- Opening Delimiter -
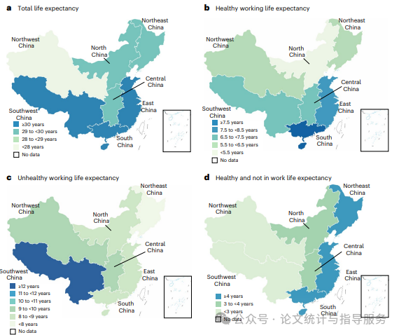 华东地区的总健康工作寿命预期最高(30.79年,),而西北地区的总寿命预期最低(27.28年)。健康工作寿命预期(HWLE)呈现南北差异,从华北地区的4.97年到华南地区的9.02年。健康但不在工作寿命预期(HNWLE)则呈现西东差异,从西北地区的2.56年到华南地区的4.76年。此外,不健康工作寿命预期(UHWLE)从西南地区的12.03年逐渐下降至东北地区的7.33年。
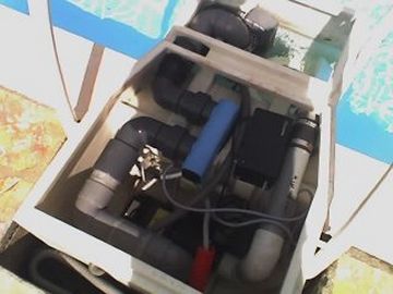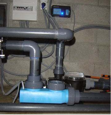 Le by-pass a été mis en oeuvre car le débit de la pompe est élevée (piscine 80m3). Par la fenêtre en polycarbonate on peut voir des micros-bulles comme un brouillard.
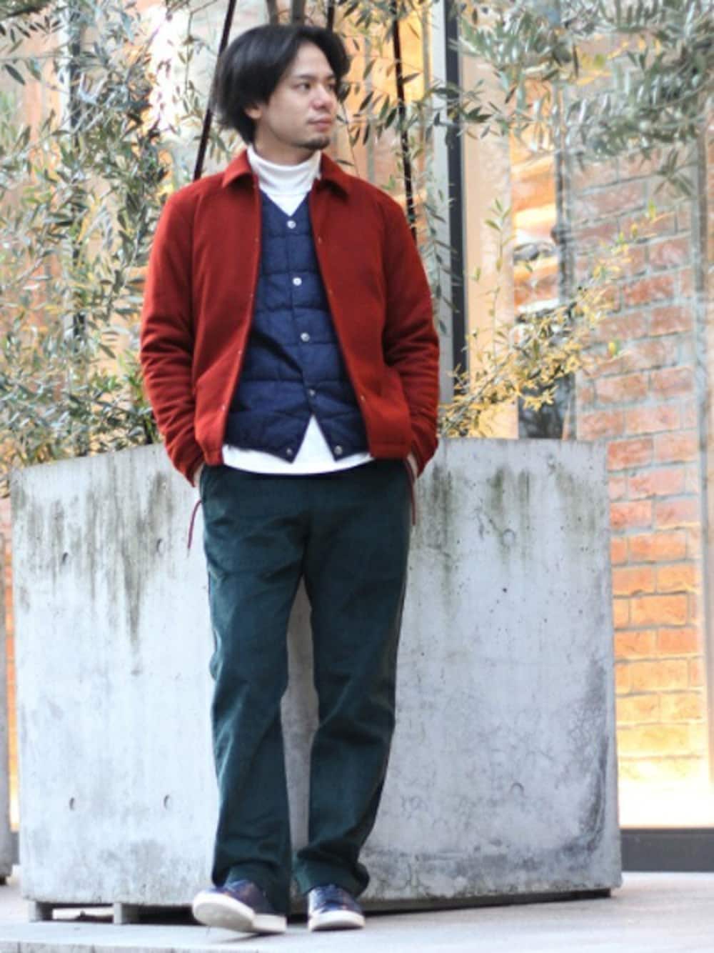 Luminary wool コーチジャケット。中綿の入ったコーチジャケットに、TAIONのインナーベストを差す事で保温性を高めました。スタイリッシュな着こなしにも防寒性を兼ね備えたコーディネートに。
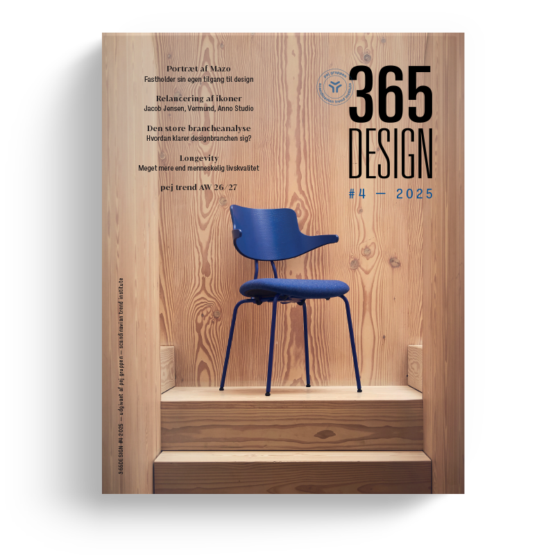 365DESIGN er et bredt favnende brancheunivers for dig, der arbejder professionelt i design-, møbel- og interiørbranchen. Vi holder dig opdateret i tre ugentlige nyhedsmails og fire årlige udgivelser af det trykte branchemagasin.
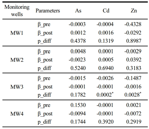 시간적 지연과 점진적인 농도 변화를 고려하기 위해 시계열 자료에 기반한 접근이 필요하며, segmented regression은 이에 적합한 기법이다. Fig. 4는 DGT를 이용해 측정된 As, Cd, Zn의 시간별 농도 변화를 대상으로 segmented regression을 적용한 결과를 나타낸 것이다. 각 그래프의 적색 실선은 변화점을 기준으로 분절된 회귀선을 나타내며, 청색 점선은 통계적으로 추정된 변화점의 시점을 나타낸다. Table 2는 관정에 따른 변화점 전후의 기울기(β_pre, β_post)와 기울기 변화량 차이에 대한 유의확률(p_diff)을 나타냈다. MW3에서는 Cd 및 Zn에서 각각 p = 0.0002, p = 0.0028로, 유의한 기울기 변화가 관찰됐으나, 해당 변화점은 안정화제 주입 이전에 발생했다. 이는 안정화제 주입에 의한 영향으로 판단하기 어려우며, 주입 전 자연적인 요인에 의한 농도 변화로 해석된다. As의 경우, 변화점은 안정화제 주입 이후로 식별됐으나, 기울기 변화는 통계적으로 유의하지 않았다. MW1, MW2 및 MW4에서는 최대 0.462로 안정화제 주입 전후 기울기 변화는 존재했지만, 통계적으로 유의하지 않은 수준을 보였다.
- Closing Delimiter -
* What is required *
Only the lines from the start of the records to the one containing "Le by-pass a" should be repeated, exactly and with both ends kept; drop any pictures.

* Task response *
 华东地区的总健康工作寿命预期最高(30.79年,),而西北地区的总寿命预期最低(27.28年)。健康工作寿命预期(HWLE)呈现南北差异,从华北地区的4.97年到华南地区的9.02年。健康但不在工作寿命预期(HNWLE)则呈现西东差异,从西北地区的2.56年到华南地区的4.76年。此外,不健康工作寿命预期(UHWLE)从西南地区的12.03年逐渐下降至东北地区的7.33年。
 Le by-pass a été mis en oeuvre car le débit de la pompe est élevée (piscine 80m3). Par la fenêtre en polycarbonate on peut voir des micros-bulles comme un brouillard.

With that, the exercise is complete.